[[ RECORDED DATA open ]]
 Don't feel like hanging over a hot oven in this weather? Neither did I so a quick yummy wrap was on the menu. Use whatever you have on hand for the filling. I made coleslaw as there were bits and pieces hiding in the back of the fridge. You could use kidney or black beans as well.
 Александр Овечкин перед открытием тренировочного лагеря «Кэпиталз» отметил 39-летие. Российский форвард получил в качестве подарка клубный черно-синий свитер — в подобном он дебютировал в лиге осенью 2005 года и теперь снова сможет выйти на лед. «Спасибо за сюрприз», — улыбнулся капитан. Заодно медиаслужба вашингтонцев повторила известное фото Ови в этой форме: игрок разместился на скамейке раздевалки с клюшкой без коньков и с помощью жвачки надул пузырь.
[[ RECORDED DATA closed ]]
[[ RECORDED DATA open ]]
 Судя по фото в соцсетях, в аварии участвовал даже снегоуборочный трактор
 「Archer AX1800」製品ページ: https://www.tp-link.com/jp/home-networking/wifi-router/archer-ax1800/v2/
[[ RECORDED DATA closed ]]
◆ WHAT THE TASK ASKS:
Please give an exact copy of the entries above, from the line with "Don't feel like" down to the line with "Александр Овечкин перед", inclusive, and nothing else.

◆ SOLUTION FOR THIS EXERCISE:
 Don't feel like hanging over a hot oven in this weather? Neither did I so a quick yummy wrap was on the menu. Use whatever you have on hand for the filling. I made coleslaw as there were bits and pieces hiding in the back of the fridge. You could use kidney or black beans as well.
 Александр Овечкин перед открытием тренировочного лагеря «Кэпиталз» отметил 39-летие. Российский форвард получил в качестве подарка клубный черно-синий свитер — в подобном он дебютировал в лиге осенью 2005 года и теперь снова сможет выйти на лед. «Спасибо за сюрприз», — улыбнулся капитан. Заодно медиаслужба вашингтонцев повторила известное фото Ови в этой форме: игрок разместился на скамейке раздевалки с клюшкой без коньков и с помощью жвачки надул пузырь.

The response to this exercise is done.